(Goal of the exercise) What you return should match the data below exactly, with no pictures in it.

(Data shown)

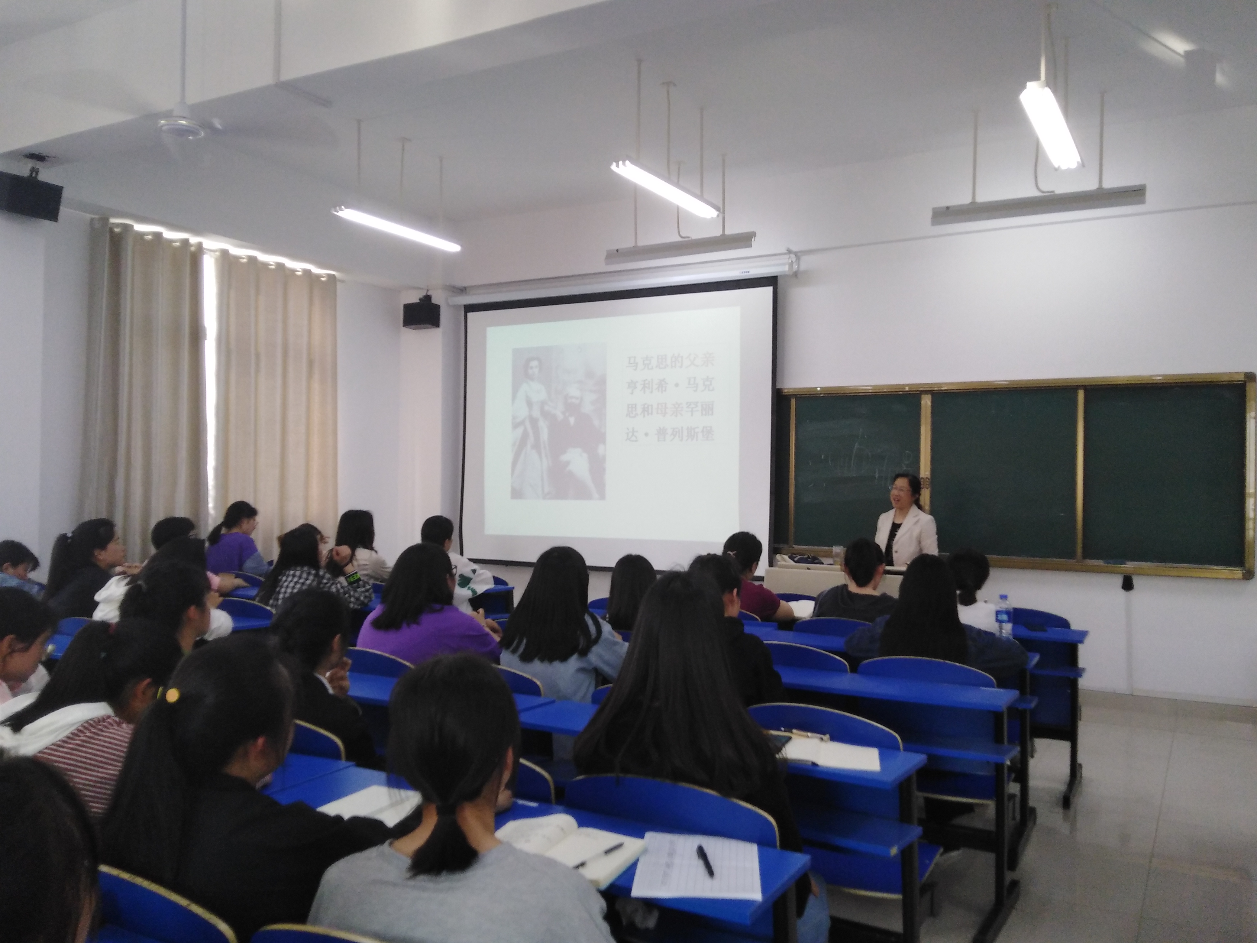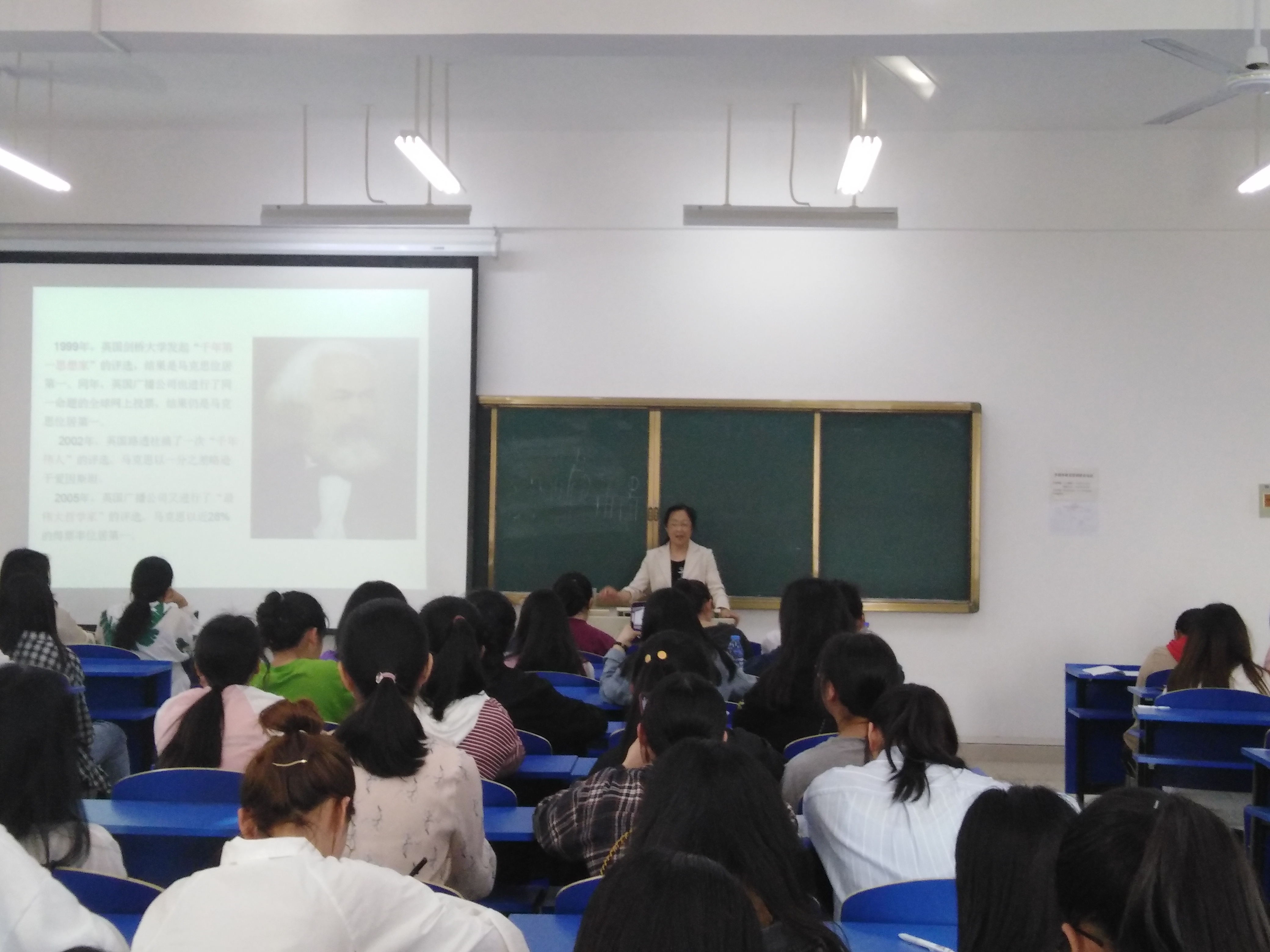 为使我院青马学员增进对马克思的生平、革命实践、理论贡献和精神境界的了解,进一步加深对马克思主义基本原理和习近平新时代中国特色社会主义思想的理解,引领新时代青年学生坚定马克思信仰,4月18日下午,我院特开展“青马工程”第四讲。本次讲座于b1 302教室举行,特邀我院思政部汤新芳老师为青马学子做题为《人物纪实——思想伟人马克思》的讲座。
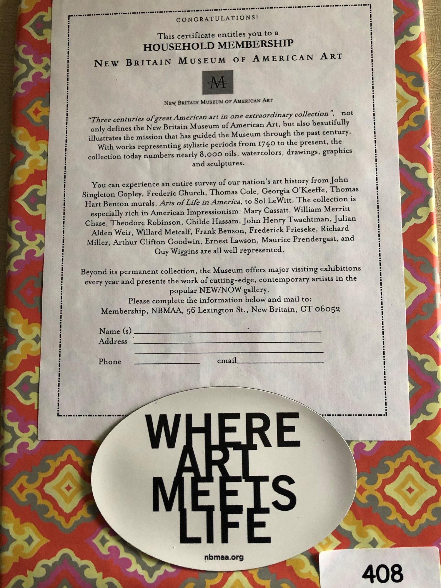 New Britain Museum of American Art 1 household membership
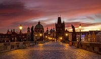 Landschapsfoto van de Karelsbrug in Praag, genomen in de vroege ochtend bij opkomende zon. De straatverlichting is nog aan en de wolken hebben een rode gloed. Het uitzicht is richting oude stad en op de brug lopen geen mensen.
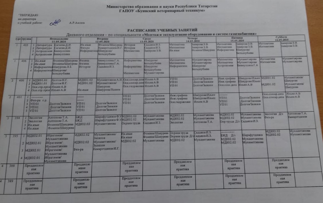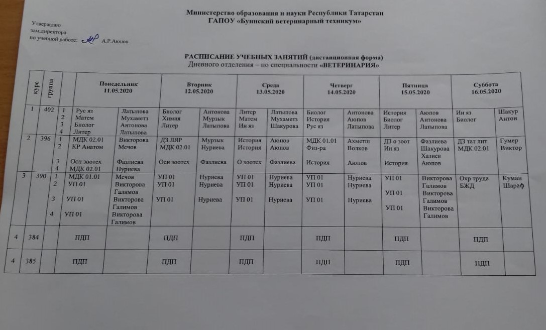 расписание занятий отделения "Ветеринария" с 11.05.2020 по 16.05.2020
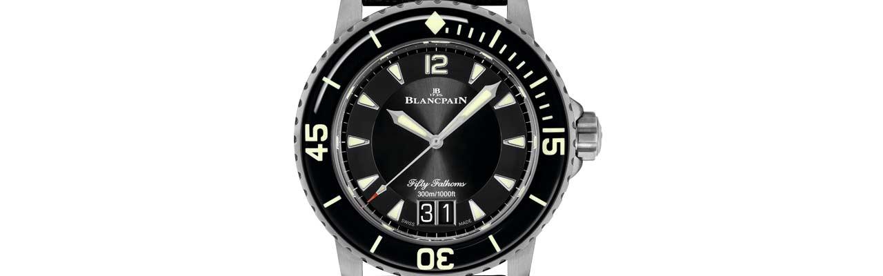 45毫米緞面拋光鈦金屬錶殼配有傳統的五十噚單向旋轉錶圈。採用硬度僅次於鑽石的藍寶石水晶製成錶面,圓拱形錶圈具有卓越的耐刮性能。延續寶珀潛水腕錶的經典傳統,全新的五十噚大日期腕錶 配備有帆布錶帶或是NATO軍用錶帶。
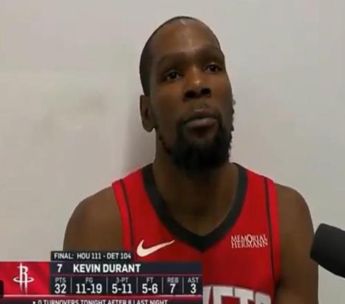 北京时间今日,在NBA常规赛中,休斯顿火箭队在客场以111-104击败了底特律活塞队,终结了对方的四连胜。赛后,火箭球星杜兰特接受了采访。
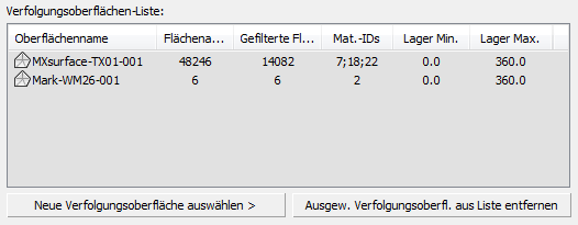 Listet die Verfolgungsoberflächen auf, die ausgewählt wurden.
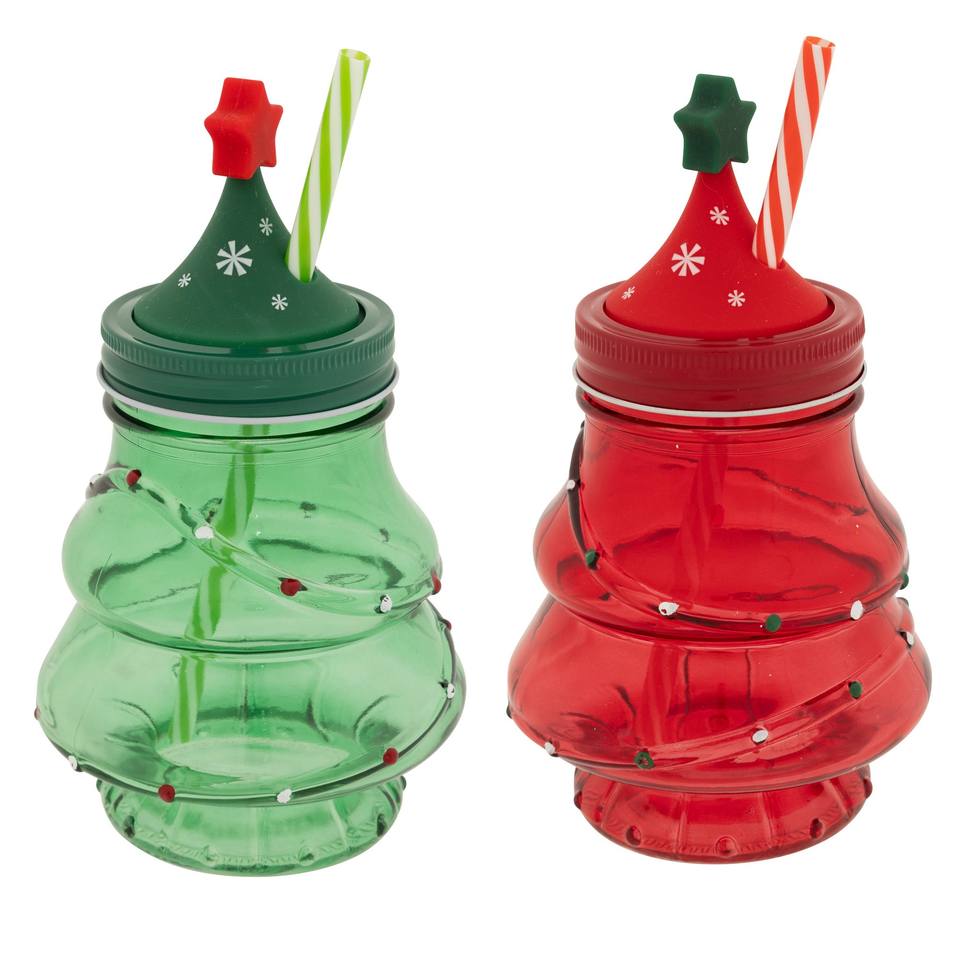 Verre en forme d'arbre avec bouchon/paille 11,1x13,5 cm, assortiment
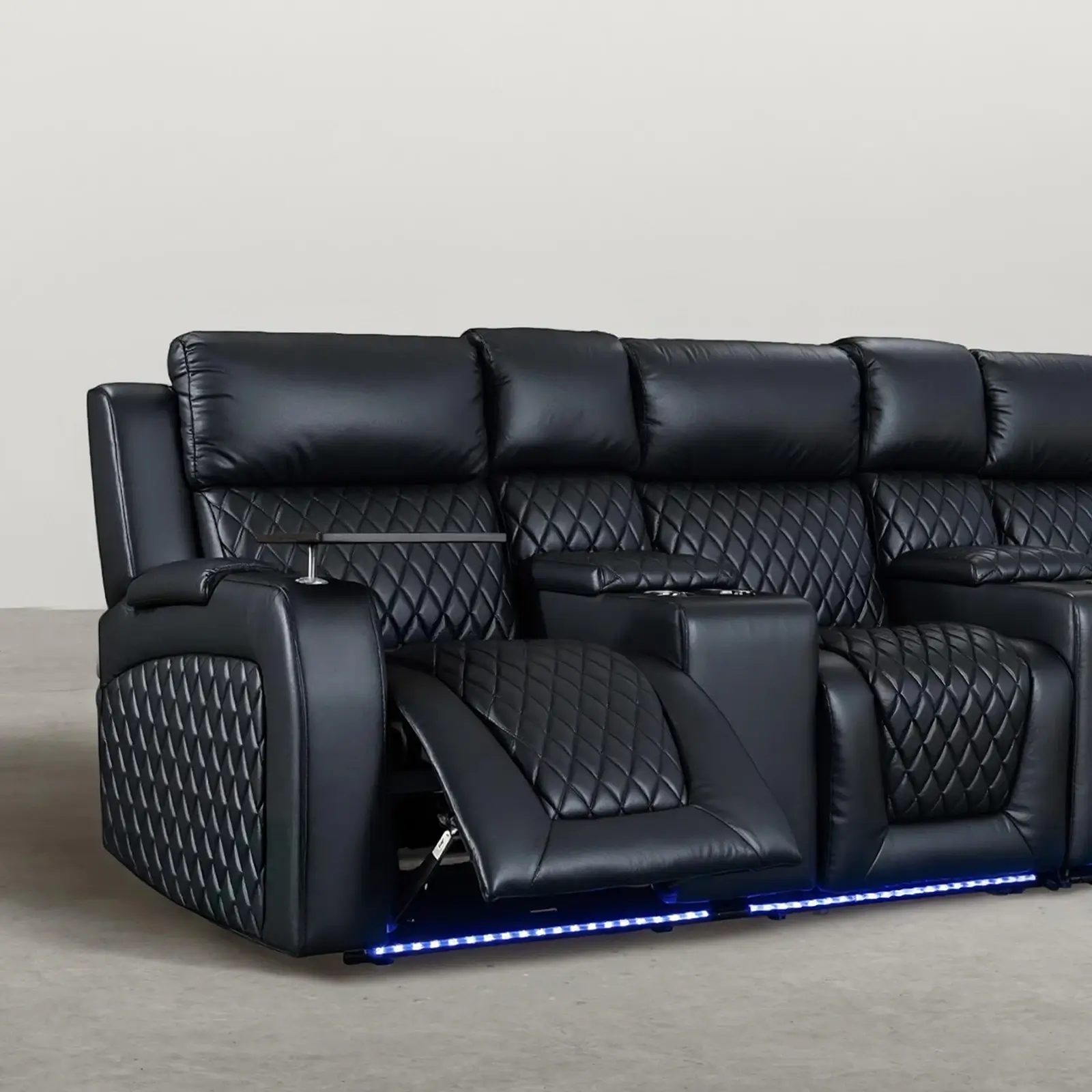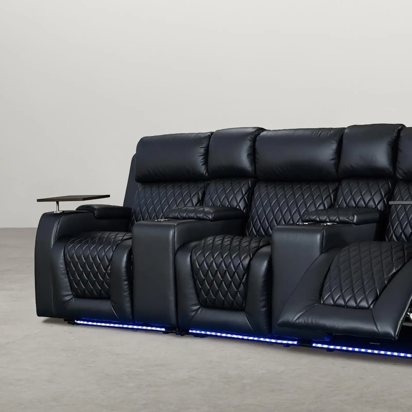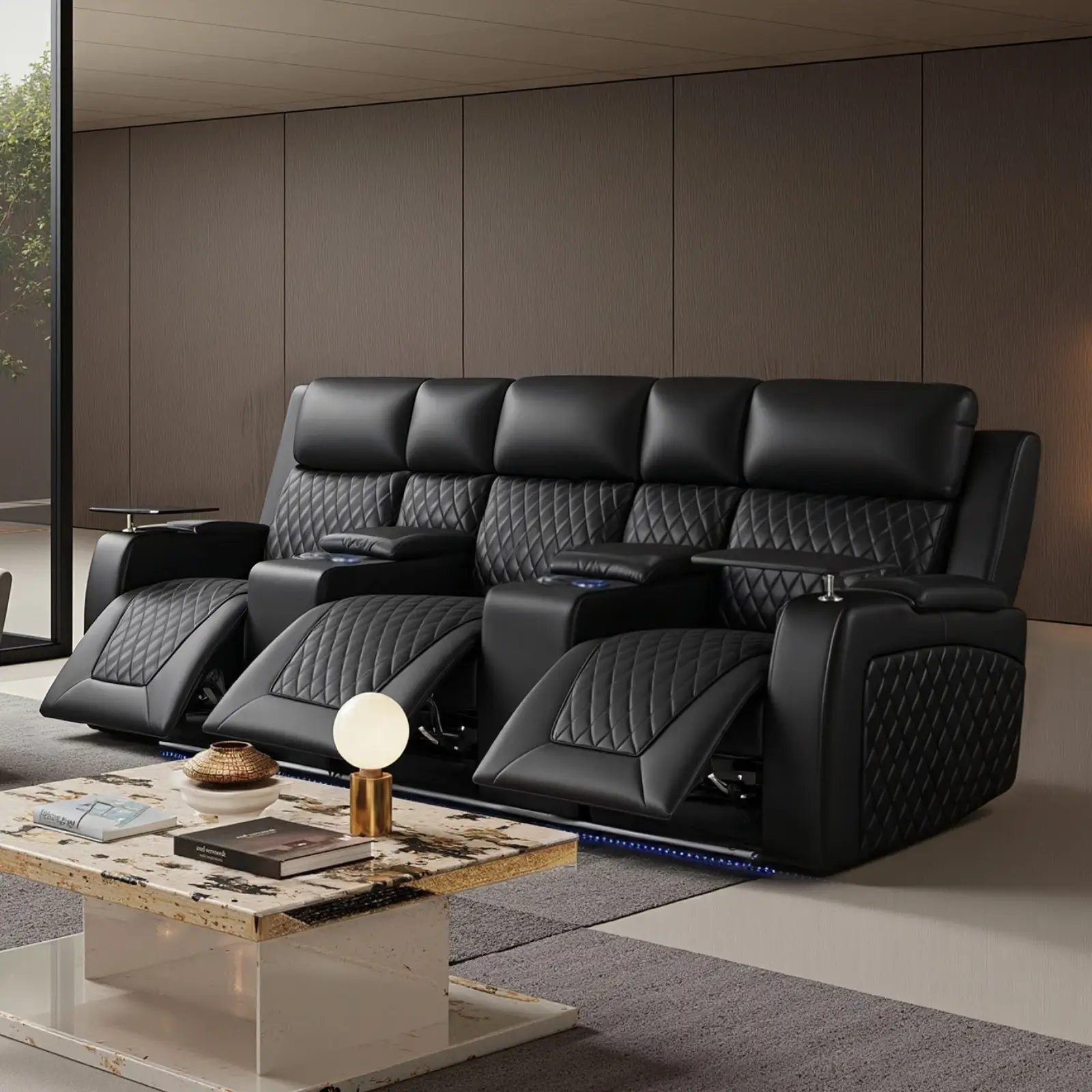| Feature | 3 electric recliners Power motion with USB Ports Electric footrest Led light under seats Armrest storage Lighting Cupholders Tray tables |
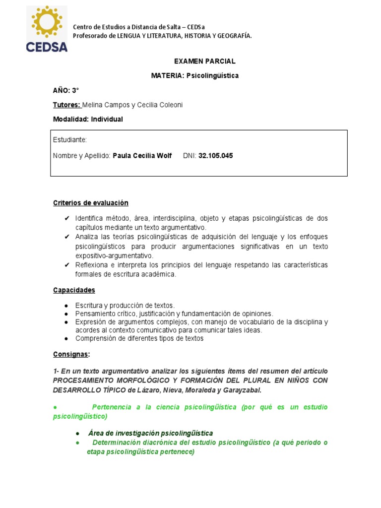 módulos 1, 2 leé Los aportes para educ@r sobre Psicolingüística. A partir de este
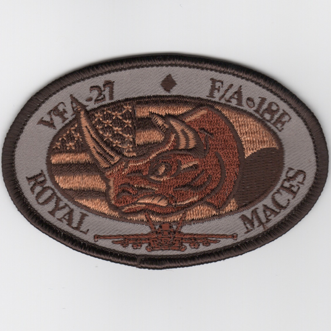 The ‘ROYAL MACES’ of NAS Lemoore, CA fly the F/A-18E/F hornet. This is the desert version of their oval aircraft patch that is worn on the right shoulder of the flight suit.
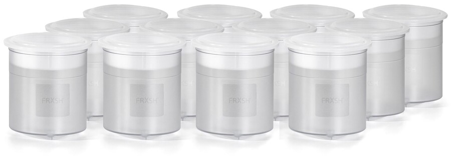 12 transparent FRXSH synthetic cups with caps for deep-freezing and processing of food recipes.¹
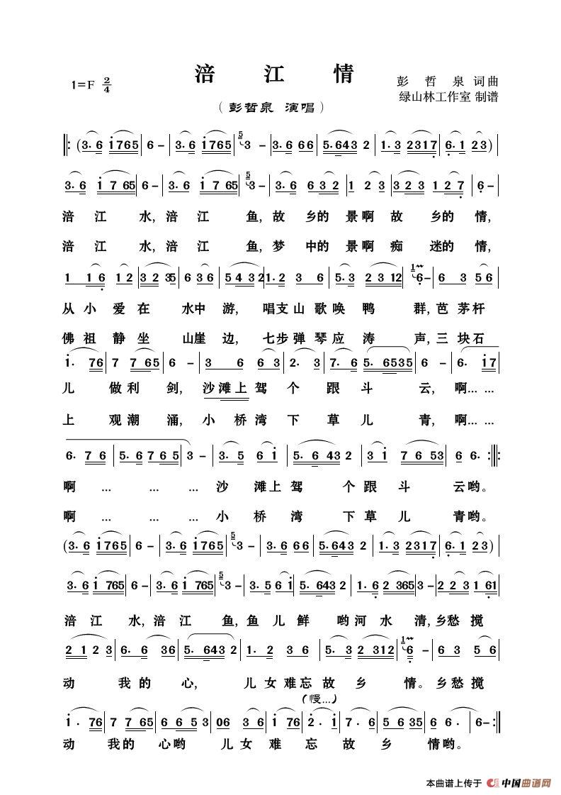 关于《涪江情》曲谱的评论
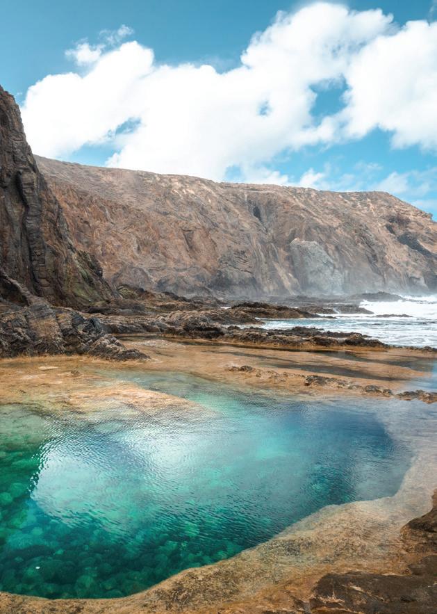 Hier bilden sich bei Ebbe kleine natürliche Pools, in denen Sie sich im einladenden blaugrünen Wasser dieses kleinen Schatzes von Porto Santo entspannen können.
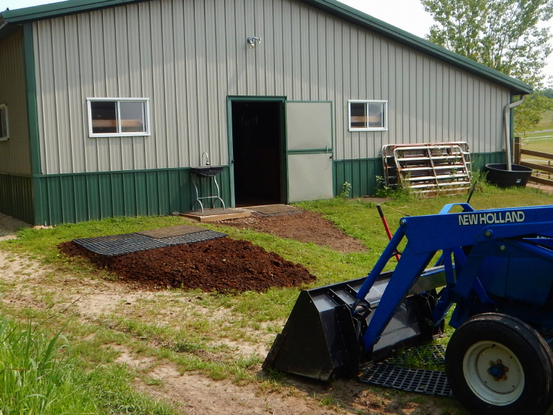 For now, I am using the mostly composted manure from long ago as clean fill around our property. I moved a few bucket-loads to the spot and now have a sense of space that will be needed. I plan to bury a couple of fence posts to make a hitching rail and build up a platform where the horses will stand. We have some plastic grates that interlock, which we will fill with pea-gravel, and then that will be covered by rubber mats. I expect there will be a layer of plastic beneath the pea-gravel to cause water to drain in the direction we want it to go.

(Solution to the problem)
 为使我院青马学员增进对马克思的生平、革命实践、理论贡献和精神境界的了解,进一步加深对马克思主义基本原理和习近平新时代中国特色社会主义思想的理解,引领新时代青年学生坚定马克思信仰,4月18日下午,我院特开展“青马工程”第四讲。本次讲座于b1 302教室举行,特邀我院思政部汤新芳老师为青马学子做题为《人物纪实——思想伟人马克思》的讲座。
 New Britain Museum of American Art 1 household membership
 Landschapsfoto van de Karelsbrug in Praag, genomen in de vroege ochtend bij opkomende zon. De straatverlichting is nog aan en de wolken hebben een rode gloed. Het uitzicht is richting oude stad en op de brug lopen geen mensen.
 расписание занятий отделения "Ветеринария" с 11.05.2020 по 16.05.2020
 45毫米緞面拋光鈦金屬錶殼配有傳統的五十噚單向旋轉錶圈。採用硬度僅次於鑽石的藍寶石水晶製成錶面,圓拱形錶圈具有卓越的耐刮性能。延續寶珀潛水腕錶的經典傳統,全新的五十噚大日期腕錶 配備有帆布錶帶或是NATO軍用錶帶。
 北京时间今日,在NBA常规赛中,休斯顿火箭队在客场以111-104击败了底特律活塞队,终结了对方的四连胜。赛后,火箭球星杜兰特接受了采访。
 Listet die Verfolgungsoberflächen auf, die ausgewählt wurden.
 Verre en forme d'arbre avec bouchon/paille 11,1x13,5 cm, assortiment
| Feature | 3 electric recliners Power motion with USB Ports Electric footrest Led light under seats Armrest storage Lighting Cupholders Tray tables |
 módulos 1, 2 leé Los aportes para educ@r sobre Psicolingüística. A partir de este
 The ‘ROYAL MACES’ of NAS Lemoore, CA fly the F/A-18E/F hornet. This is the desert version of their oval aircraft patch that is worn on the right shoulder of the flight suit.
 12 transparent FRXSH synthetic cups with caps for deep-freezing and processing of food recipes.¹
 关于《涪江情》曲谱的评论
 Hier bilden sich bei Ebbe kleine natürliche Pools, in denen Sie sich im einladenden blaugrünen Wasser dieses kleinen Schatzes von Porto Santo entspannen können.
 For now, I am using the mostly composted manure from long ago as clean fill around our property. I moved a few bucket-loads to the spot and now have a sense of space that will be needed. I plan to bury a couple of fence posts to make a hitching rail and build up a platform where the horses will stand. We have some plastic grates that interlock, which we will fill with pea-gravel, and then that will be covered by rubber mats. I expect there will be a layer of plastic beneath the pea-gravel to cause water to drain in the direction we want it to go.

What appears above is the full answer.